Importantly, the stock needs to reach these prices by March 19, 2031, before the options expire.

How achievable are those stock prices? Some appear likely, but others would be tough to reach.

Meta’s Incentive Plan: What Does It Mean for Its Stock?

What annual return does the stock need to reach those levels, assuming five years of compound growth? That’s shown in the last column in the table above. For context, Meta’s stock has risen about 22% annually since the close of its first day of trading ($38 per share) in May 2012.

Let’s game out what execs would earn at two levels – $1,500 and $2,000 (implying annual future returns of 19.1% and 26.2%, respectively). Those prices bookend the stock’s long-term return.

Options tranchesExercise priceValue, assuming $1,500 share priceValue, assuming $2,000 share price
12,806 options$1,116.08$4.9 million$11.3 million
18,066 options$1,393.87$1.9 million$11.0 million
29,340 options$1,724.41$0$8.1 million
97,541 options$2,114.87$0$0
155,491 options$2,573.06$0$0
249,382 options$3,107.44$0$0
91,239 options$3,727.12$0$0
Total value of options$6.8 million$30.4 million
Total value of stock (79,324 shares)$119 million$158.6 million

Source: SEC filings and Marketwise analysis

To recap, we set up a situation in which the stock does a little bit worse than its long-term average annual return (19.1% versus 22%) and a little bit better (26.2% versus 22%).

In the two scenarios, execs earned $6.8 million and $30.4 million. Nice paydays, to be sure.

But look how those compare to what execs earn from their stock award in each scenario: $119 million and $158.6 million.

In short, execs should care far more about their stock compensation than they do about their options package in the most likely scenarios. Even in the more bullish scenario, options compensation would make up just 16% or so of the total package.

Could Meta stock soar on an utterly massive run?
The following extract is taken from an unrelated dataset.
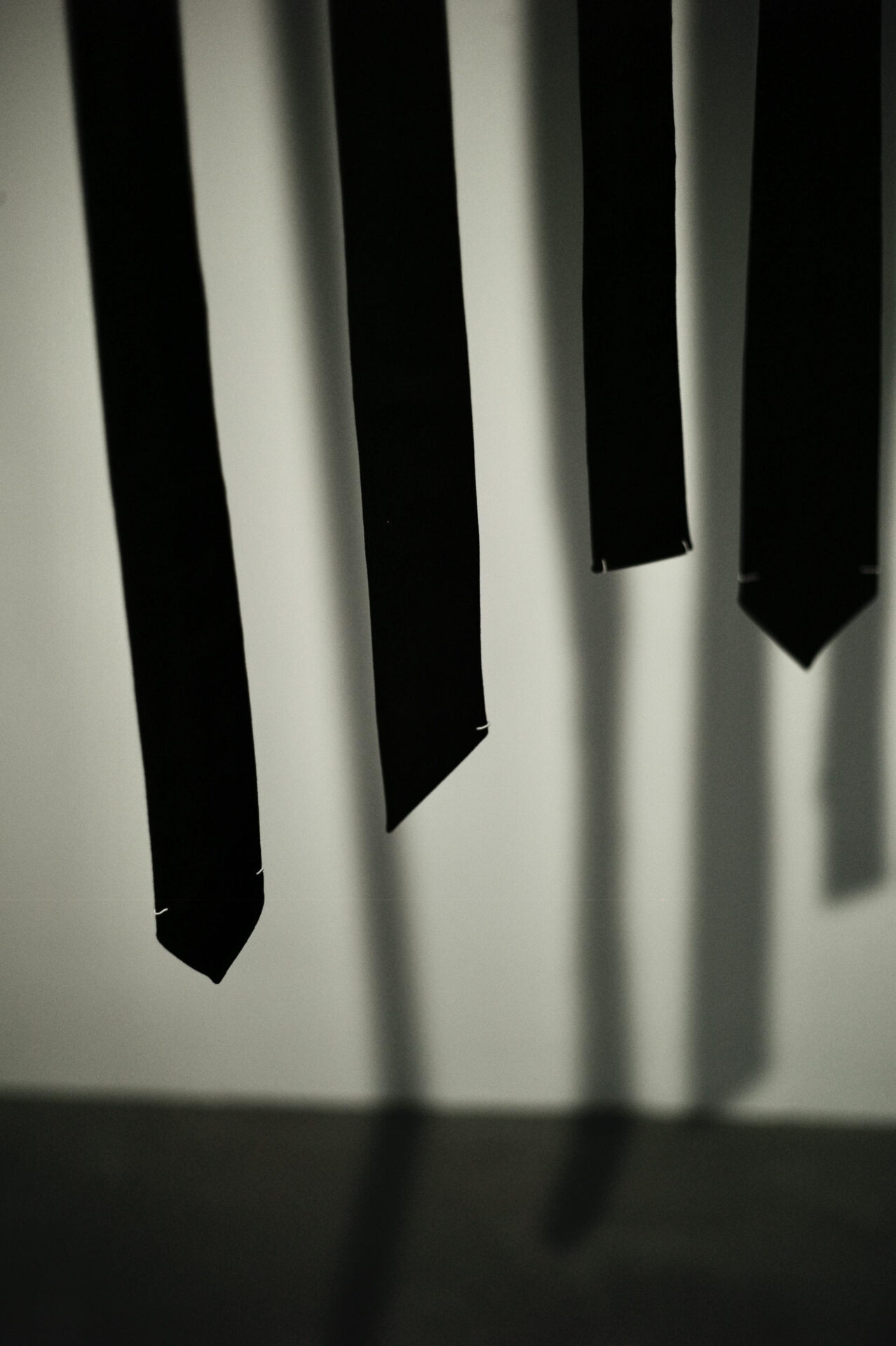 ウールギャバジンを使用した手縫いによるネクタイシリーズは、生地に芯張りをして硬めに仕上げることが多い通常のタイとは異なり、芯張りをせずに、薄い柔らかい生地を1枚仕立てに仕上げられている。
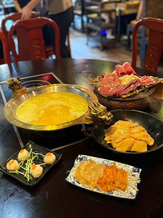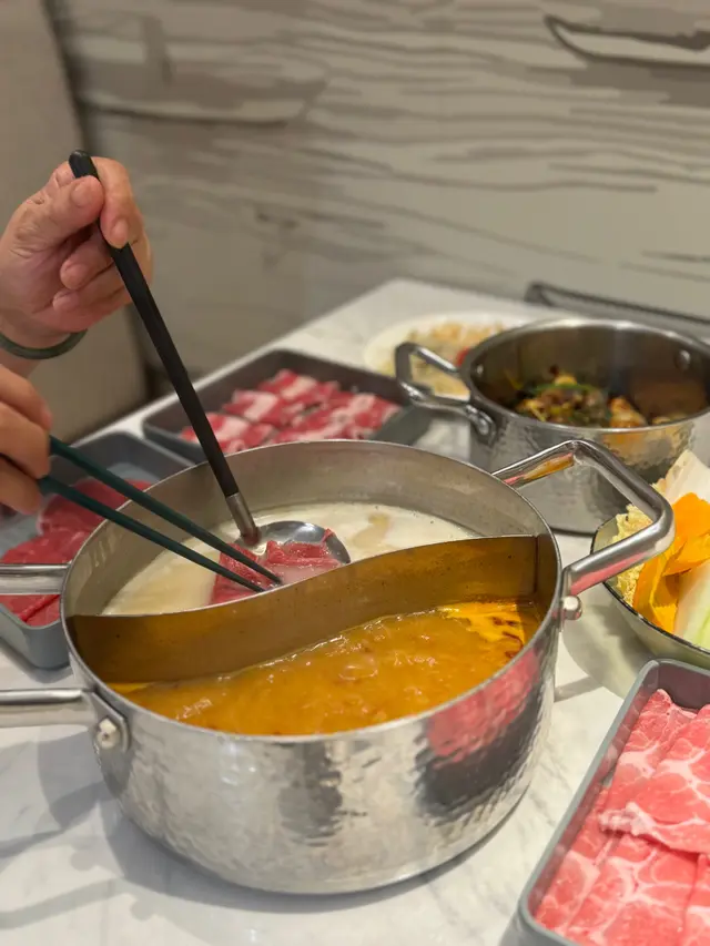 發現呢間「大滾友火鍋」絕對係區內隱藏高手!主打養生湯底同手工火鍋料🔥 今次試咗佢哋招牌花膠雞湯,仲有創意十足嘅「金屋藏嬌」墨魚丸,到底係咪真係咁正?即刻同大家開箱! --- **✨鎮店之寶|花膠雞湯底(半隻)$328** 「未涮料先飲湯」係規矩!一揭蓋就見到金黃湯面浮滿厚身花膠,膠質多到用匙羹舀起可以「掛壁」💛 雞係每日新鮮運到,肉質結實得嚟唔柴,飲落鮮甜到喉嚨尾,仲有淡淡當歸紅棗香,女士們即刻瘋狂追加兩輪湯!*🥩肉食控天堂|牛肉拼盤(細)$428** 擺盤靚到唔捨得淥!美國頂級雪花肥牛雪花紋靚到發光✨ 輕涮5秒蘸少少沙茶醬,入口即溶仲有奶香;牛展、牛肉粒牛黃喉、 頂級安排斯牛小排、同牛舌花!牛舌柔軟,好滿足呀;手切牛頸脊厚切夠嚼勁,牛味濃到似喺口中爆開;最驚喜係牛肉粒,爽脆度味濃。🐮金屋藏嬌和牛墨魚丸 $78** 店長神秘推介:「呢個係我哋隱藏menu!」墨魚丸外層爽彈到可以乒乓球,咬開竟然爆出和牛餡同鹹蛋黃,邪惡度滿分!🐷黑毛豬王者|伊比利亞橡果豬 $228** 脂肪分布靚過和牛!肉片切到透光,涮8秒捲成玫瑰花狀🌹 入口帶獨特榛子香,完全冇豬膻味,點少少檸檬汁就已經夠晒提鮮~🍲解膩必點|雜菜拼盤$118+響鈴拼盤$88** 三色響鈴即叫即炸,紫菜味鹹香、麻辣味後勁刺激,原味配花膠湯係無敵組合! 🍮壓軸表演|火焰焦糖豆腐花** 店員即場燒火槍🔥 焦糖脆片「咔嚓」一聲裂開,下面豆腐花仲係冰凍狀態!冷熱交織+豆香濃郁,食完火鍋嚟一碗超治癒~ 🍻啤酒狂歡|藍妹@2 $116冰凍啤酒配火鍋,即時降溫又解膩,仲抵過飲汽水~ …Read More

Sure, it’s possible. But the stock already has a $1.6 trillion market cap, and it’s well-followed, suggesting it’s unlikely to be significantly undervalued today.

So why then has Meta rolled out this new pay package?

In reality, the options package here is just a truckload of lottery tickets that might pay off big, but only in a heroic and unlikely scenario. But they might keep execs dreaming of a massive payday.

It’s also telling that the CEO is not participating in the incentive plan. Often, it’s only the CEO who gets access to special incentive compensation. But not in the Meta package.

The conclusion: Meta Platforms is not incentivizing executives with a strong options package. No, it’s a giveaway of stock – Meta is well known for this – to keep an executive team in place.

This compensation package is about retention. Meta is paying its C-suite to stay with the company during a transition period, as the company ramps up critical spending on AI at historic rates.

This tactic can make sense as all the top AI companies run around poaching talent from each other. OpenAI and Anthropic – both IPO candidates in 2026 – are hiring aggressively. Other big tech firms, such as Alphabet and Microsoft, are also on spending sprees for top talent.

In other words, Meta is incentivizing execs not to leave or get fired by stacking their pay with no-risk stock. The complex options package simply disguises that stock giveaway and offers upside if the stock soars – but only if it soars. Meanwhile, their PR team calls it a “big bet” in the press.

To quote Munger again: “Show me the incentive, and I’ll show you the outcome.”